- Citizenship: USA
- Education: Pennsylvania State University, Michigan State University
- Scientific career
- Fields: Engineering, Pharmacy
- Doctoral advisor: Michael Pishko
- Other academic advisors: Tejal A. Desai, John Tarbell
- Website: ainslielab.web.unc.edu

= Kristy M. Ainslie =

Pharmaceutical science professor

Kristy M. Ainslie is a Fred Eshelman Distinguished Professor and Director of Emerging Educational Programs in the Pharmaceutical Sciences in pharmaceutical science at University of North Carolina at Chapel Hill in the
Eshelman School of Pharmacy and former chair of the Division of Pharmacoengineering and Molecular Pharmaceutics. She is also joint in the UNC School of Medicine Department of Microbiology and Immunology and affiliated faculty in the UNC/NC State joint Biomedical Engineering department. Additionally, she is part of UNC's Biological and Biomedical Sciences Program (BBSP). She is co-founder of the company IMMvention Therapeutix.

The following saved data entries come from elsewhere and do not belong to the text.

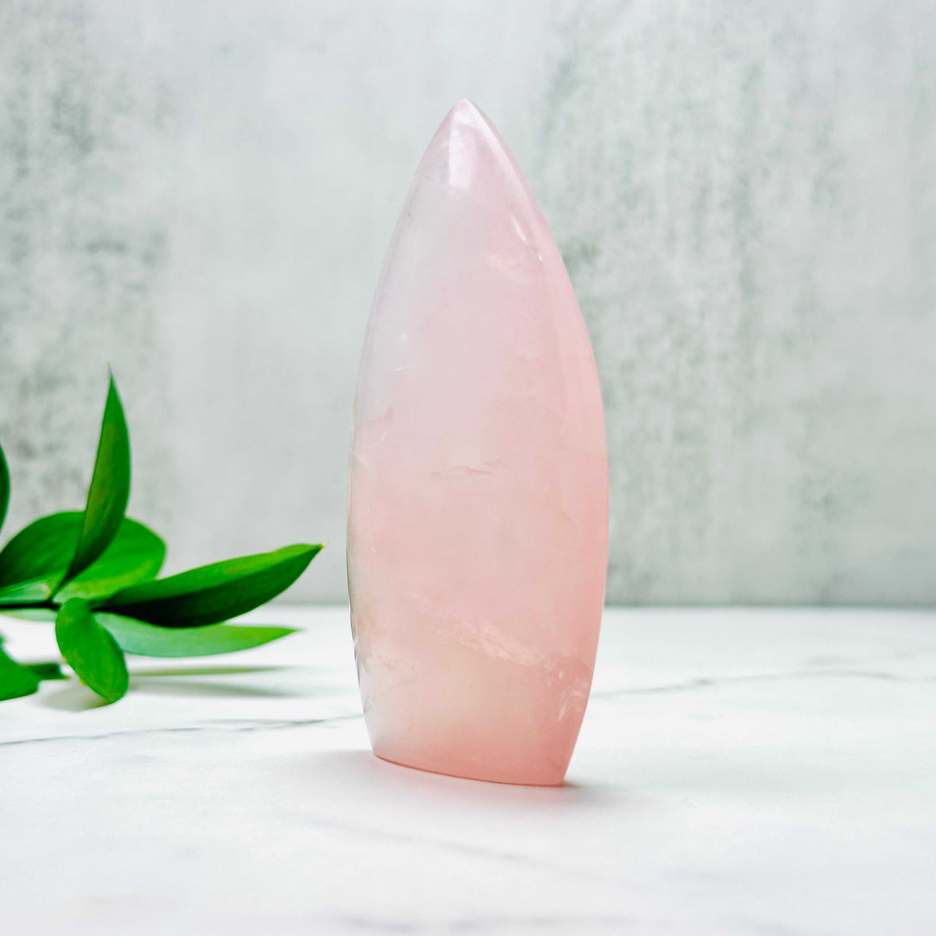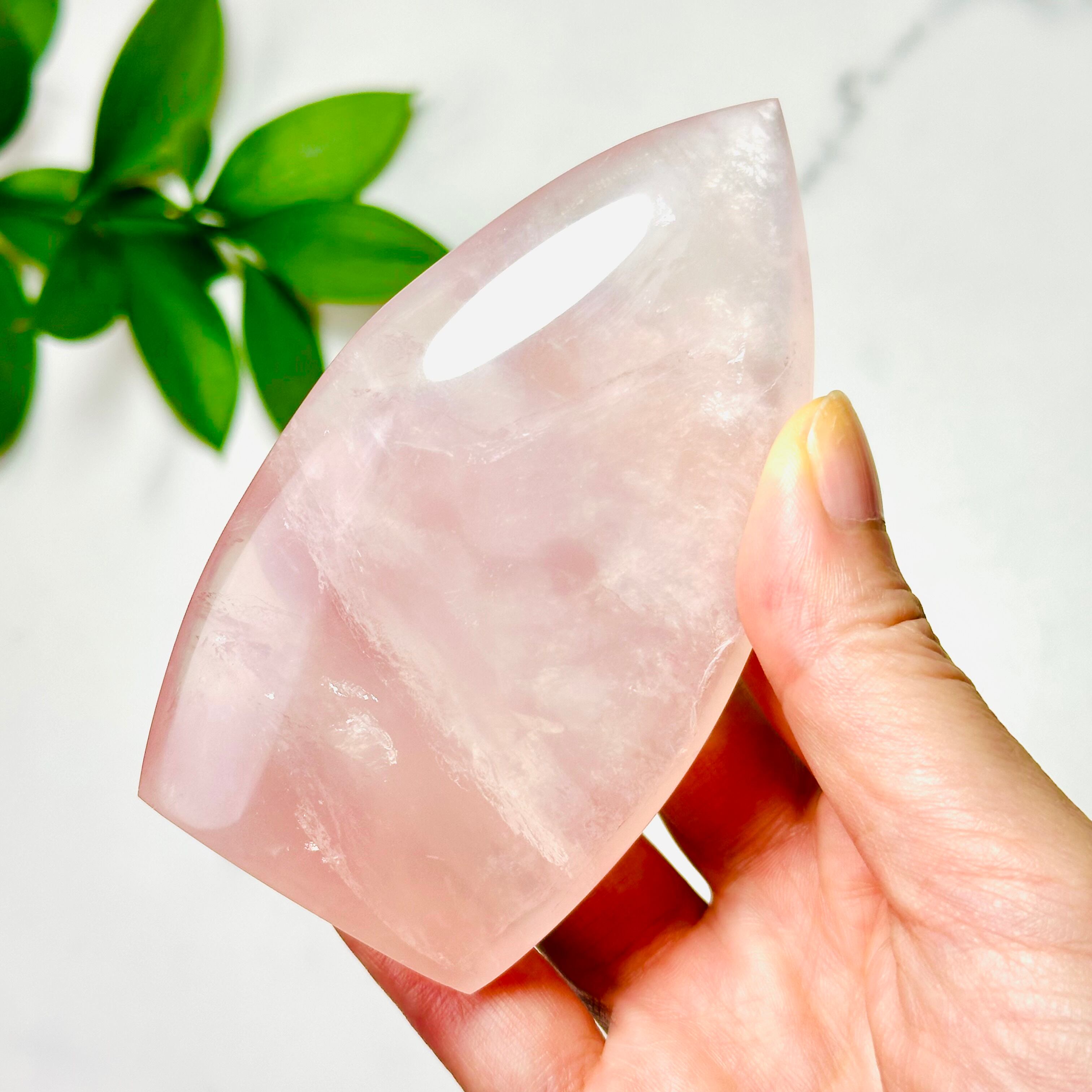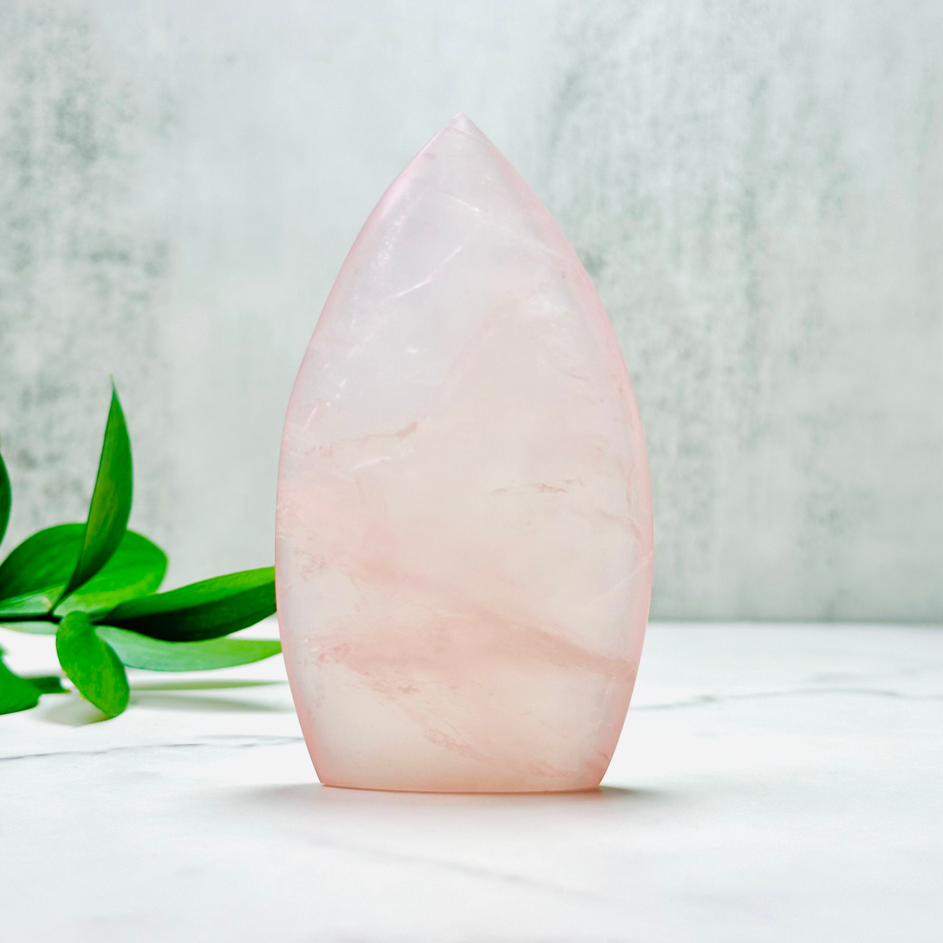 ピンクの色合いが優しく輝く、大人可愛いローズクォーツのフリーフォーム。光の下でキラキラと輝きます。インテリアにすっとなじむフォルムで、お部屋をやわらかな雰囲気に包み込んでくれます。
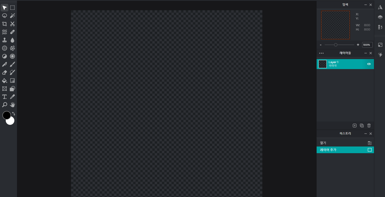 Pixlr X는 간단한 툴로 구성되어 있고, Pixlr E는 조금 더 포토샵과 같은 다양한 기능을 사용할 수 있습니다.
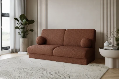 Wersalka Limba bez boczków to kompaktowa sofa z funkcją spania, idealna do nowoczesnego salonu, pokoju gościnnego lub kawalerki. Obita miękką tkaniną boucle Quelle 54 w kolorze karmelowym, zachwyca prostą bryłą i modną strukturą materiału. Dzięki mechanizmowi klik-klak szybko zamienisz ją w wygodne łóżko o powierzchni spania 120x190 cm, a pościel schowasz w praktycznym pojemniku.

Ainslie serves on the editorial boards of iPharma, Journal of Controlled Release, and International Journal of Pharmaceutics.

==Background==
Ainslie earned degrees in chemical engineering from Michigan State University, and the Pennsylvania State University College of Engineering. Her early research focused on mechanobiology, nanomaterials, and drug delivery. She previously held a faculty appointment at Ohio State University and currently holds positions at the University of North Carolina at Chapel Hill.

==Career==
Ainslie's research focuses on polymer-based drug delivery systems, particularly acetalated dextran, for applications in vaccines, immunotherapy, and infectious disease. Her laboratory has developed acetalated dextran variants with tunable degradation rates and release properties, as well as microparticle and nanofiber formulations for the controlled delivery of antigens, adjuvants, and other therapeutics.

She has received National Institutes of Health funding since 2011 to develop antigen-specific immunotherapies for multiple sclerosis and type 1 diabetes intended to induce immune tolerance rather than broadly suppress the immune system, as well as biomaterial-based drug delivery scaffolds for glioblastoma.

In 2026, Ainslie became lead investigator on National Institutes of Health Program Project grant P01 CA298971, a multi-institutional award to develop biomaterial approaches for enhancing chimeric antigen receptor T-cell and CAR-NKT cell therapies for glioblastoma, involving collaborators from the UNC Lineberger Comprehensive Cancer Center, the UNC School of Medicine, and the University of Colorado School of Medicine.

==Awards and Honors==
- 2007: Controlled Release Society–Capsugel Post-Doc Award for Innovative Aspects of Oral Drug Delivery & Absorption.
- 2009: Controlled Release Society Outstanding Oral Drug Delivery Award.
- 2012: James M. Siddens Distinguished Faculty Advising Award, Ohio State University Council of Graduate Students.
- 2021: Elected Fellow of the American Institute for Medical and Biological Engineering.
- 2022: Inducted into the Controlled Release Society College of Fellows.
- 2023: Sato Memorial International Award.